[Collection entries]
* * * * * * * * *
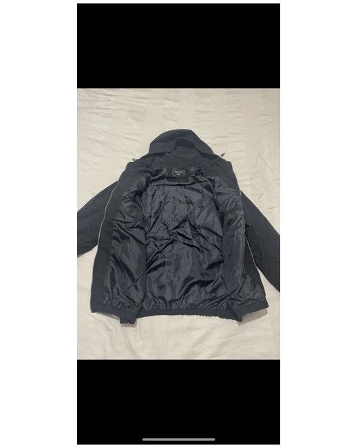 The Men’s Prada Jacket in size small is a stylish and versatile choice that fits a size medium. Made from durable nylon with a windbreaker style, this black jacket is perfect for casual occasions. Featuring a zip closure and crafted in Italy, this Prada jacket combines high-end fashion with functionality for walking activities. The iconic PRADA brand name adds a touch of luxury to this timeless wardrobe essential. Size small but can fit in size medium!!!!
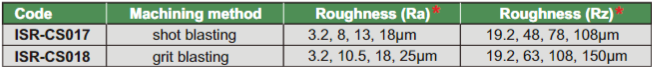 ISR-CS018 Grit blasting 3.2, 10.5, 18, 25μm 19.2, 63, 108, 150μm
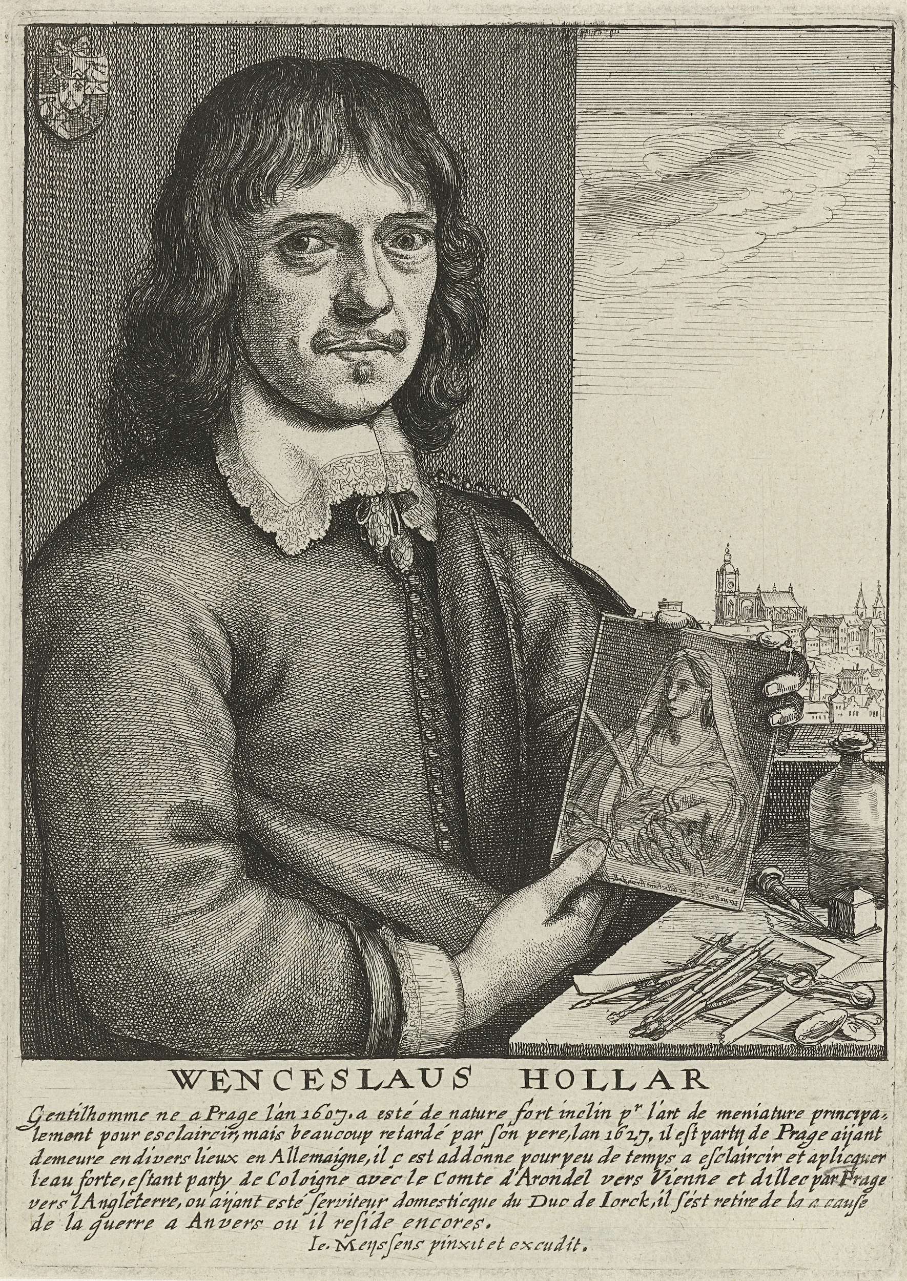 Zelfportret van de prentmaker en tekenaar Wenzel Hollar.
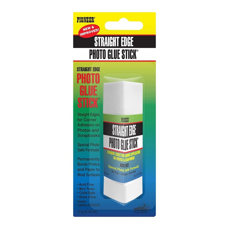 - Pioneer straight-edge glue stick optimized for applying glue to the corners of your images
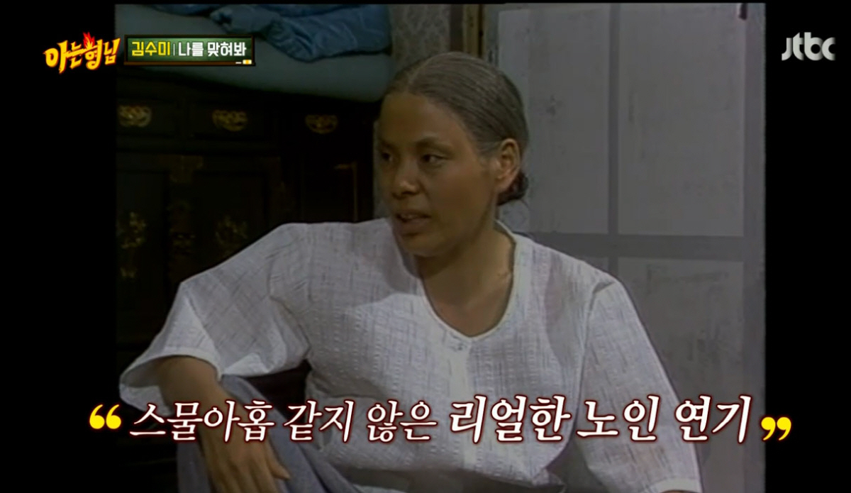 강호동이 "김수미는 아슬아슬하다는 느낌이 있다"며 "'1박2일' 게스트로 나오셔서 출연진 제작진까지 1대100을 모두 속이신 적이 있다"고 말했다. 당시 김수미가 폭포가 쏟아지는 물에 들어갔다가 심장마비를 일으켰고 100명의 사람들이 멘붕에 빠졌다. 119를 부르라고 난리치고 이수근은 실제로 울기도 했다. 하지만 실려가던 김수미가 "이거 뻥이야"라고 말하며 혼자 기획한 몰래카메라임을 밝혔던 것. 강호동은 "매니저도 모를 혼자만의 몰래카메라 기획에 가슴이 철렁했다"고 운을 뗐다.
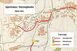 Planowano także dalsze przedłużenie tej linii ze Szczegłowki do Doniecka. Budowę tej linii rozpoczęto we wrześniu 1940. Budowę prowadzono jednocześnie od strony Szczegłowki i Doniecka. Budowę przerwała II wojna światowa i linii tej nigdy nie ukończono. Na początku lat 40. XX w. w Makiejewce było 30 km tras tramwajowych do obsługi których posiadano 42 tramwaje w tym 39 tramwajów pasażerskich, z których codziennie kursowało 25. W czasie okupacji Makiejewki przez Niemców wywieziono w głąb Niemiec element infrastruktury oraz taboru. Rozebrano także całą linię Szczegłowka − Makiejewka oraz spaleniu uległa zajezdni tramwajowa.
* * * * * * * * *
*Required action*
Nothing but the lines above from the line with "ISR-CS018 Grit blasting" up to and including the line with "게스트로 나오셔서 출연진" should be returned, exactly as written and without pictures.

*Answer to this task*
 ISR-CS018 Grit blasting 3.2, 10.5, 18, 25μm 19.2, 63, 108, 150μm
 Zelfportret van de prentmaker en tekenaar Wenzel Hollar.
 - Pioneer straight-edge glue stick optimized for applying glue to the corners of your images
 강호동이 "김수미는 아슬아슬하다는 느낌이 있다"며 "'1박2일' 게스트로 나오셔서 출연진 제작진까지 1대100을 모두 속이신 적이 있다"고 말했다. 당시 김수미가 폭포가 쏟아지는 물에 들어갔다가 심장마비를 일으켰고 100명의 사람들이 멘붕에 빠졌다. 119를 부르라고 난리치고 이수근은 실제로 울기도 했다. 하지만 실려가던 김수미가 "이거 뻥이야"라고 말하며 혼자 기획한 몰래카메라임을 밝혔던 것. 강호동은 "매니저도 모를 혼자만의 몰래카메라 기획에 가슴이 철렁했다"고 운을 뗐다.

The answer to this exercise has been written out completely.